So, if you want to be eating this blackberry cobbler, you have to start with pie crust. You can use the recipe of your choice.
Pie crust is really far simpler than many people would have you believe. Two things you need to know:
1. Keep it cold
2. Don’t overwork it
What makes pie crust flaky are the “layers” of shortening and flour. If you mush it all together by overworking it, you get rid of the layers and the crust is tough. If you let the shortening get warm enough it “melts” into the flour, the same thing happens. Experiment. You’ll get it.
Once you have your pie crust rolled out, put it in the fridge while you make the filling.
Many cobbler recipes will suggest you only put crust on top. Ignore them. The best part of this is the blackberry juice soaked crust.
Other cobbler recipes will suggest using a mixture that results in a cake-like topping. Some even, heaven forbid, suggest using cake mix. Do it the old-fashioned way with pie crust – top and bottom – and you will not be sorry.

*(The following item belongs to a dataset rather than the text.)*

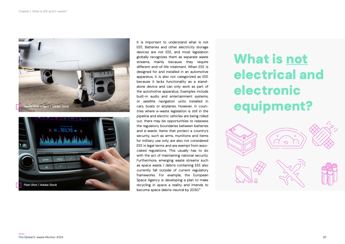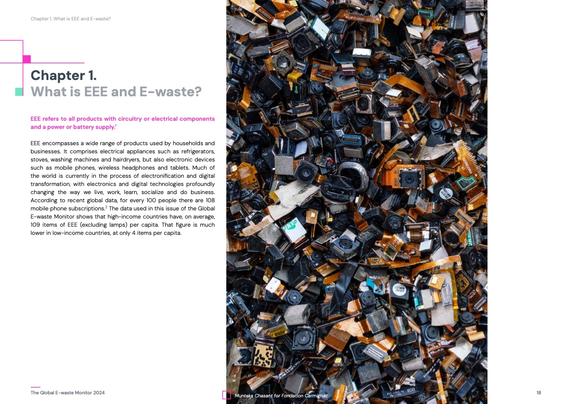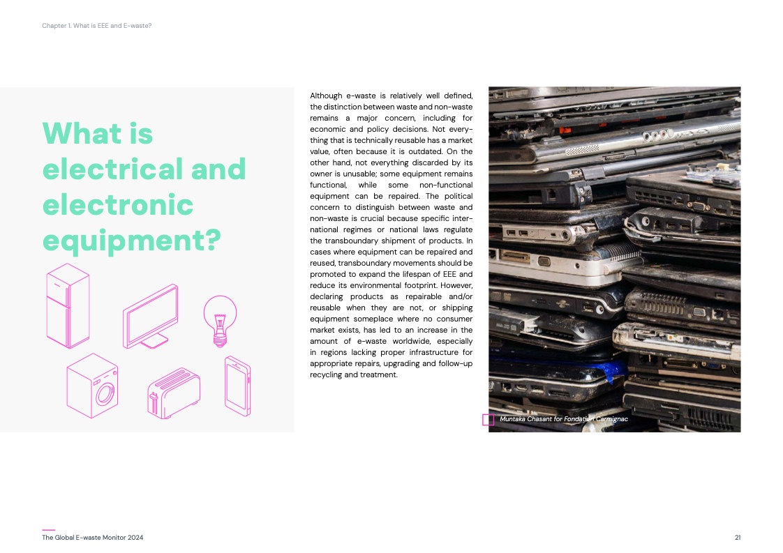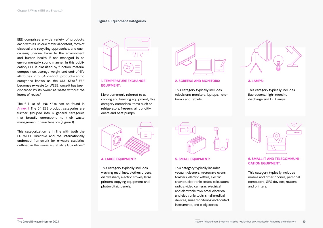 所谓电子废弃物,指的是任何带有插头或电池的废弃电子产品。其中,小型设备(如玩具、微波炉、吸尘器、电子烟)占到2022年电子废弃物的33%,重量达到2040万吨;此外,小型信息技术和电信设备类别的电子废弃物(如笔记本电脑、移动电话、全球定位系统设备、路由器)则重达460万吨。

1 pint blackberries (roughly – more or fewer will work)
3/4 cup sugar
1/4 cup flour
1/4 cup butter, melted
That’s it… four ingredients. If you find recipes that call for vanilla, ignore them. It’s one of the most over-used things in the American kitchen, especially since most people are using supermarket psuedo-vanilla. Don’t do it. You’ll just ruin the natural flavor of “real” ingredients by pouring this chemical mixture over them.
Mix together and taste. If your berries need it, add a little more sugar. If you like a more tart pie, add less. This is not chemistry, it’s baking, do it to suit yourself!
Put berry mixture into your prepared (raw) crust and bake at 425 degrees for 30-40 minutes. The crust will be golden, the berries will be bubbly, you will be happy.
If you like, you can make a lattice top on the cobbler – just because it’s pretty and it reminds you of grandma. Even though my grandma never made pie like this, it still makes me nostalgic. Go figure.
Sprinkle a little sugar on top. Why? Because it’s sweet, and it’s pretty. (Really, what kind of question is that? I can only assume you are taken aback by the idea of blackberry cobbler and can’t think straight right now.)
After it’s baked, it will look like this…
… and you will love it. You will probably love it even more warm, with some ice cream on top.
Then you can take photos and put them on Facebook and your blog and love it when your friends say nice things about you. (Yes, I’m somewhat like the SNL skit where the woman is saying, “Please don’t make me sing, Please don’t make me sing” while inching toward the piano. I know, it’s sad, but true.)
Enjoy the fruits of your labors!
(I have to give extra credit to my big brother, Jackie, who picked these blackberries and froze them last summer. The cobbler is a gazillion times better because of that. Thank you, Jackie!)